Witnesses Bradin Kefart and Shane Hill, both 20 years old, drove into the parking lot just as the shooter was leaving.
“He was standing with a gun to his chin. We thought what the hell was going on? Why does this child have a gun to his face? ” Said Caphart. He fell to his knees. “He tore off his helmet, dropped his gun, and the police took him away.”
Advertising
Officials said the Gendron rifle used in the attack was purchased legally, but the stores he used for ammunition were banned for sale in New York City.
President Joe Biden said in a statement that he and the First Lady were praying for the victims and their families.

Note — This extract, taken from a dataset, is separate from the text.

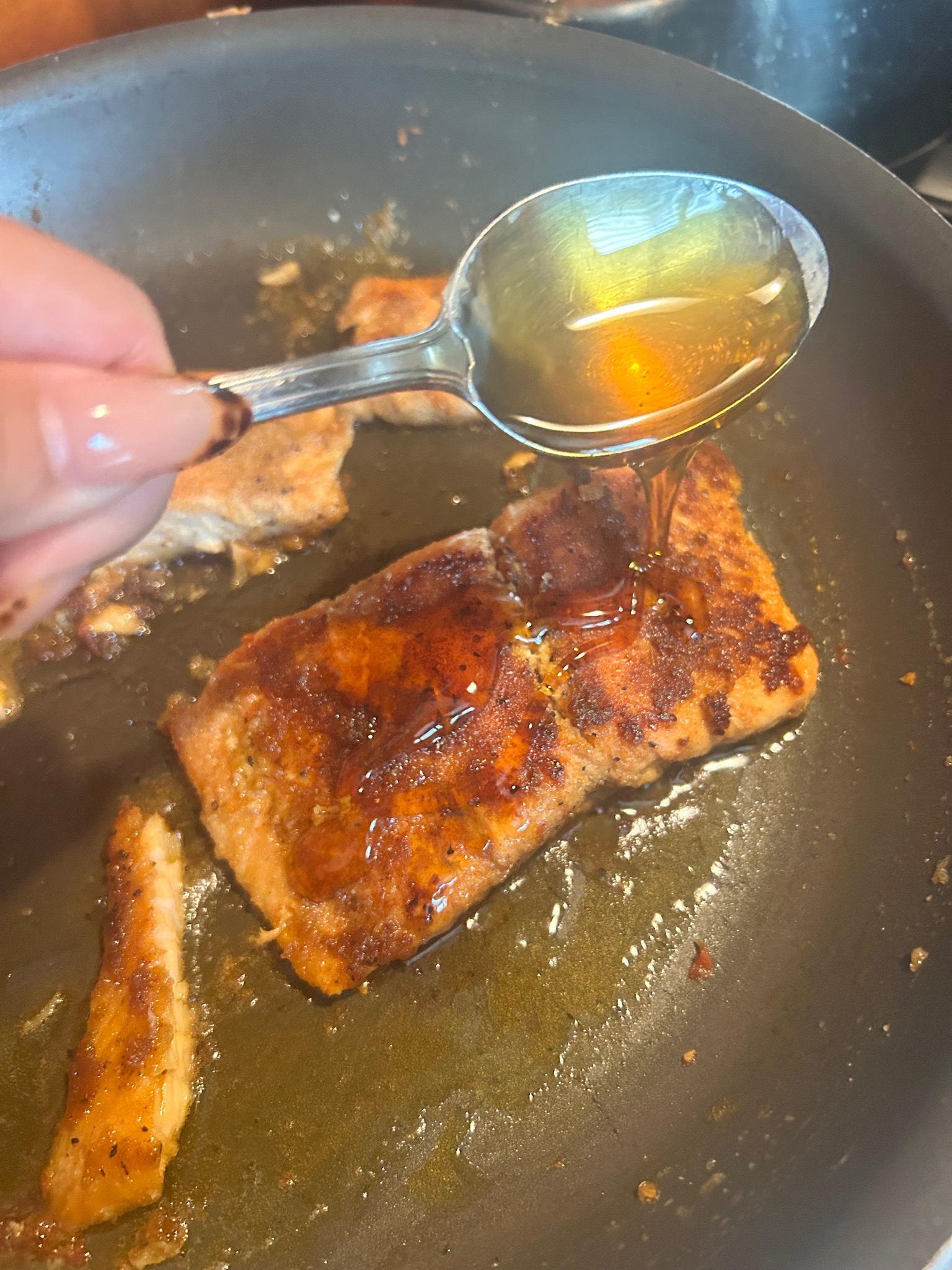 Salmon doesn’t take long to cook. I cook each side of the salmon for about eight to ten minutes each. The good thing about fish, and also red meat, is that you can cook it however you prefer it (rare to well-done). I like my salmon cooked all the way through. I always double check that it is by gently cutting into the middle of the patty to see if it’s pink and juicy inside. Once it fits the description, it’s ready for the final step – the honey.

“We still need to learn more about the motivation for today’s shooting as law enforcement does its job, but we don’t need anything else to state a clear moral truth: racially motivated hate crimes are disgusting to the very fabric of this nation,” he said. “Any act of domestic terrorism, including an act committed in the name of a disgusting white nationalist ideology, contradicts everything we stand for in America.”
Tops Friendly Markets issued a statement saying: “We are shocked and deeply saddened by this senseless act of violence, and our thoughts and prayers with the victims and their families.”
The shooting came just over a year after the March 2021 attack on the King Soopers grocery store in Boulder, Colorado, killing 10 people. Investigators have not released any information as to why they believe the man accused of the attack targeted a supermarket.
Advertising
NAACP President Derrick Johnson made a statement calling Buffalo’s shooting “absolutely devastating.”
“Hate and racism have no place in America,” he said.
Rev. El Sharpton called on the White House to convene a meeting with black, Jewish and Asian leaders to demonstrate the federal state’s commitment to combating hate crimes.
More than two hours after the shooting, Eric Pew-Matthews was waiting near the store, behind a police tape.
“We would like to know the status of my aunt, my mother’s sister. She was there with her fiancé, they parted ways and went through different aisles, ”she said. – The bullet barely missed him. He was able to hide in the freezer, but he couldn’t get to my aunt and didn’t know where she was. We just want to say anyway if she’s okay. “
___
Associated Press reporters Eric Tucker of Washington and Aaron Morrison of New York contributed to the report. Balsamo reported from Washington and Collins from Hartford, Connecticut.